7. Joining basins - preliminaries
- Each basin has exactly one local minimum. (If there were a 2nd local min, the pixels flowing into it would not be flow connected to the others.)
- That local min may or may not be at the edge of the basin.
- In the normal case, a basin's local min is at the edge of the basin.
- However, many basins have interior local mins, sometimes genuine geographic features, but usually caused by data errors or too coarse quantization.
- These are unacceptable because they trap rivers and prevent any long rivers from forming. (The effect on the computed hydrography is quite dramatic.)
- We will fix this by raising the elevations of certain pixels to remove all interior local mins, before calculating the flow.
- This will result in all basins with interior local mins being destroyed by being joined to other basins.
- Let the unique lowest point of basin {${\cal B}_i$} be {$d_i$}. {$d_i$} is lower than any other point in {${\cal B}_i$} and also lower than all of {$d_i$}'s 8 neighbors, even if they be in a different basin. (If {$d_i$} had a lower neighbor, then {${\cal B}_i$} wouldn't be a separate basin.)
- That lowest point is unique because ties are broken consistently.
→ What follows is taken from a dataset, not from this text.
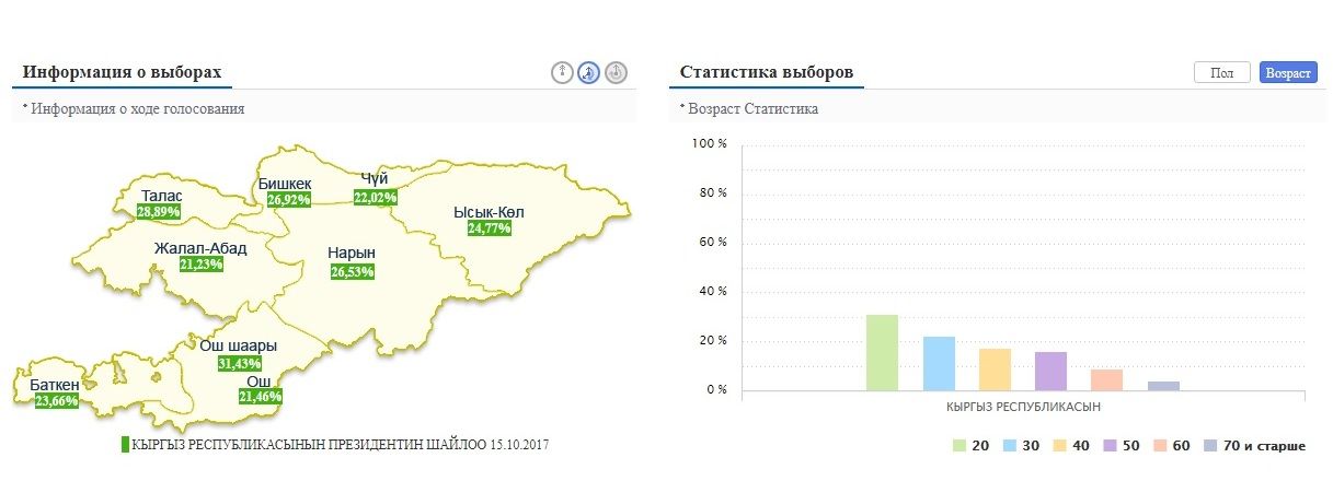 Самые активные — жители города Оша, где явка составила 31,43 процента. Самая низкая явка — в Джалал-Абаде — 21,23 процента. В Бишкеке — 26,92 процента.

- All the water in {${\cal B}_i$} flows to {$d_i$}.
- The problem is to combine the many small basins into fewer larger ones.
- A sill is a pixel {$ (x_1,y_1) $} in a basin {$ {\cal B}_1 $}, which is adjacent to a pixel {$ (x_2,y_2) $} in basin {$ {\cal B}_2 $}. Any other pixel in {$b_2$} that is adjacent to a pixel in {$ {\cal B}_1 $} is higher than pixel {$(x_2,y_2)$}. IOW, if {$ {\cal B}_1 $} were to overflow into {$ {\cal B}_2 $}, it would overflow from {$ (x_1,y_1) $} to {$ (x_2,y_2) $}.
- {$ (x_1,y_1) $} may be lower, the same elevation as, or higher than {$(x_2,y_2)$}. Here are 1-D examples. In each case, red pixels are {${\cal B}_1$} and blue pixels {${\cal B}_2$}. lower: 1 2 3 1, same: 1 2 2 1, higher 1 3 2 1
- Note the effect of the tie-breaking rule: 2 1 3 3 3 2.
- The spill elevation of a sill of {$ {\cal B}_1 $} is the greater of the that sill's elevation and the elevation of the pixel in {$ {\cal B}_2$} that it would spill over into.
- {$ {\cal B}_1 $} usuall has many sills, each one to a different basin.
- We need to remember the higher sills because the lowest sill will be deleted should {$ {\cal B}_1 $} and {$ {\cal B}_2 $} be joined. That would cause the sill between them to be deleted.
- Conceptually, gradually fill a basin until it flows over a sill into a lower neighboring basin, and join the 2 basins.
- One complication is this case: 4 4 4 1 2 3 2 We want to fill (red) {$ {\cal B}_1$} until it overflows into (blue) {$ {\cal B}_2$}. However, raising {$ {\cal B}_1$} until the level of the adjacent pixel in {$ {\cal B}_2$}, creates a new low region.
8. Fill depression
- This routine processes one basin, {$ {\cal B}_1$}, each time it's called.
- It handles the case that some pixels in {$ {\cal B}_1$} might be lower than {$ {\cal B}_1$}'s spill elevation (because the spill elevation might be higher because the adjacent pixel in the adjacent basin might be higher).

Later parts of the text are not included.